The amended complaint provides more detail than the original lawsuit, filed last year by attorneys at Stember, Feinstein, Doyle, Payne & Kravec and the American Civil Liberties Union.

Since 2001, the city has hired 440 officers, of which 17 -- less than 4 percent -- were African-American, according to the complaint.

The ratio has only gotten worse since 2007, during which time the bureau has hired 260 recruits, of whom 3 percent were African-American, according to the complaint.

The available pool of qualified protective services candidates in the city, it claims, includes 22 percent African-American males and 10 percent African-American females.

The complaint attributed the minority hiring rate to a "longstanding pattern an practice of racial discrimination against African Americans in the screening and hiring of applicants for entry-level police officer positions."

Applicants start off by taking the Law Enforcement Aptitude Battery test, which 13.8 percent of minorities fail, versus 2.8 percent of whites, according to the complaint.

The city then puts applicants through an oral examination by veteran officers, according to the complaint, and "has allowed supervisors to obtain a copy of the list of candidates and look for candidates who were related to or friends of police officers" prior to that interview.

The city then does a background check and polygraph test on top candidates. Sometimes examiners ask questions that aren't on the application, according to the complaint, which characterizes this as improper.

Final decisions made by a "committee of top-ranked police officials, commonly known as the 'Chief's Roundtable,'" the complaint continued, consisting of around a dozen top officials.

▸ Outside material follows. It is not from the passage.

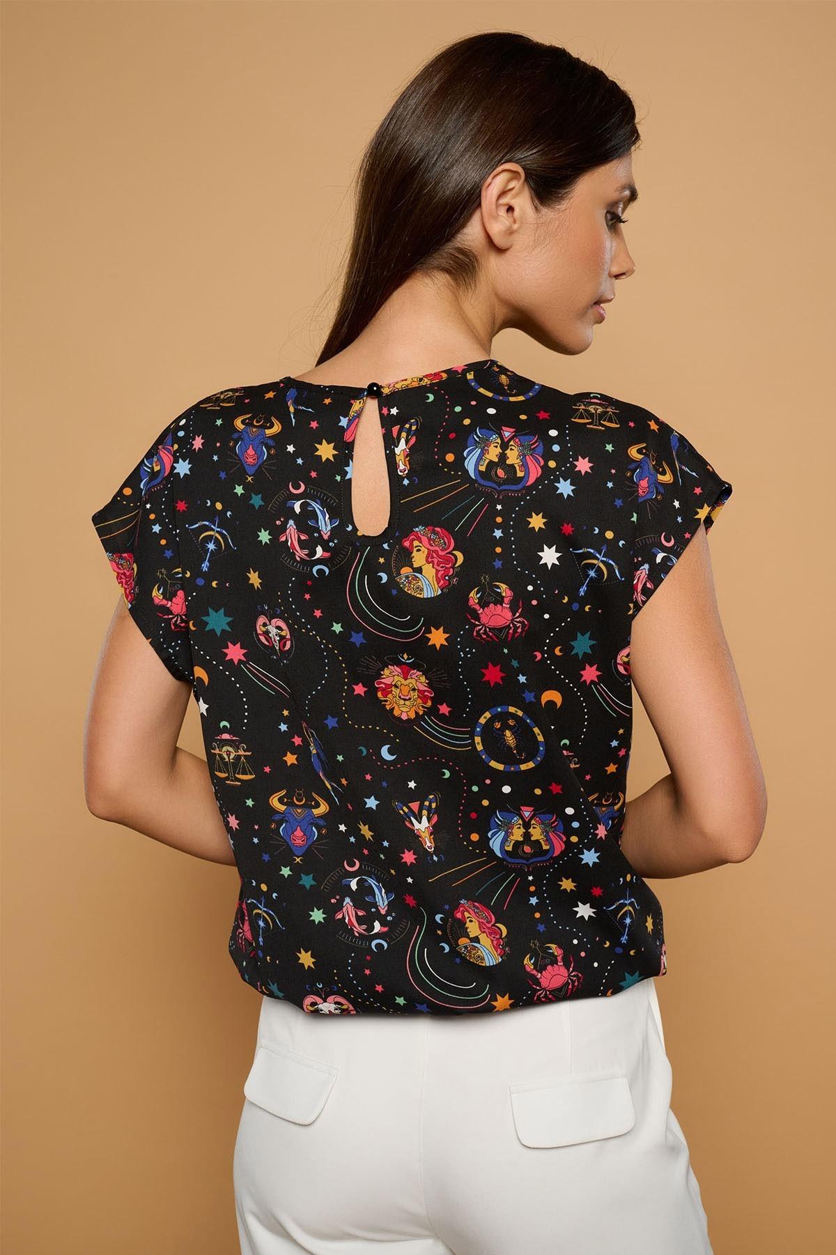 Camiseta de cuello redondo amplio y manga corta. Cierre con botón en espalda. Estampado zodiaco.

The plaintiffs, according to the complaint, believe that members "know and/or are told who is related to a police officer or preferred by a police officer."

The complaint suggests that the city could hire an outside company to do the examinations, could preserve the confidentiality of candidate names, and should videotape the interviews.

Pittsburgh city solicitor Dan Regan could not be immediately reached for comment.